Ну что, господа депутаты, хотите услышать, как крепко сжимает детская ладонь руку взрослого, который просто заговорил с ребенком-сиротой? «Господа, вы — звери»…
А на что надеяться? Андрей задумается на минуту и расскажет: «У меня есть несколько подопечных, мы с ними занимались несколько лет, летом к озеру в палатках ездили отдыхать. Их после совершеннолетия перевели в психоневрологический диспансер. Они дееспособные и имеют право, уведомив администрацию, покидать территорию. Но мальчишки еще совсем, да еще и колясочники. И вот недавно звонок мне на мобильный: «Андрей, мы тут на Балтийском вокзале, как нам на Васильевский остров проехать?»
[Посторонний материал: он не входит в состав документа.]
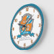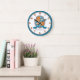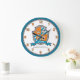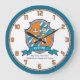 Knights style shield monogram letter O art name simple numbered wall clock perfect for a boys bedroom or playroom in shades of orange, blue white and gray. Personalize with your child's own name and name meaning for a personalized touch to your child's bedroom or nursery, this example is for names with the letter O. Currently reads Othni My time, my hour. Methodical, strong and clever. Ideal for a gift to a new baby boy, for a christening, baby naming or baby shower gift. Unique shield drawing, dog face, crown and graphic star art, name research, wording and design by Sarah Trett. www.sarahtrett.com for www.mylittleeden.com

Я рассказываю, а потом в течение дня они еще раз пять звонят, передвигаясь по разным концам Питера. Им нужно было срочно компьютер из ремонта забрать. На следующий день я до них дозвонился и узнал, что они за свое путешествие три вида транспорта поменяли. И я спросил: «Саша, а как же вы в вагон поднимались? А как в туалет?» Саша ответил, что люди помогли, а мужик в электричке дал пустую бутылку пописать. И знаете, меня эта история здорово обнадежила. Все же мы научили их сопротивляться, а не только быть потребителями услуг».
Кузнецов пойдет провожать меня к автобусу, он решил остаться в своем доме до вечера. Он будет сочинять с Андреем сценарий детского праздника, который они проводят летом для своих детей. Застегивая на нем куртку — он и живет, и одевается нараспашку, — подумаю, что спрашивать его мнения по поводу «закона подлецов» уже не имеет смысла.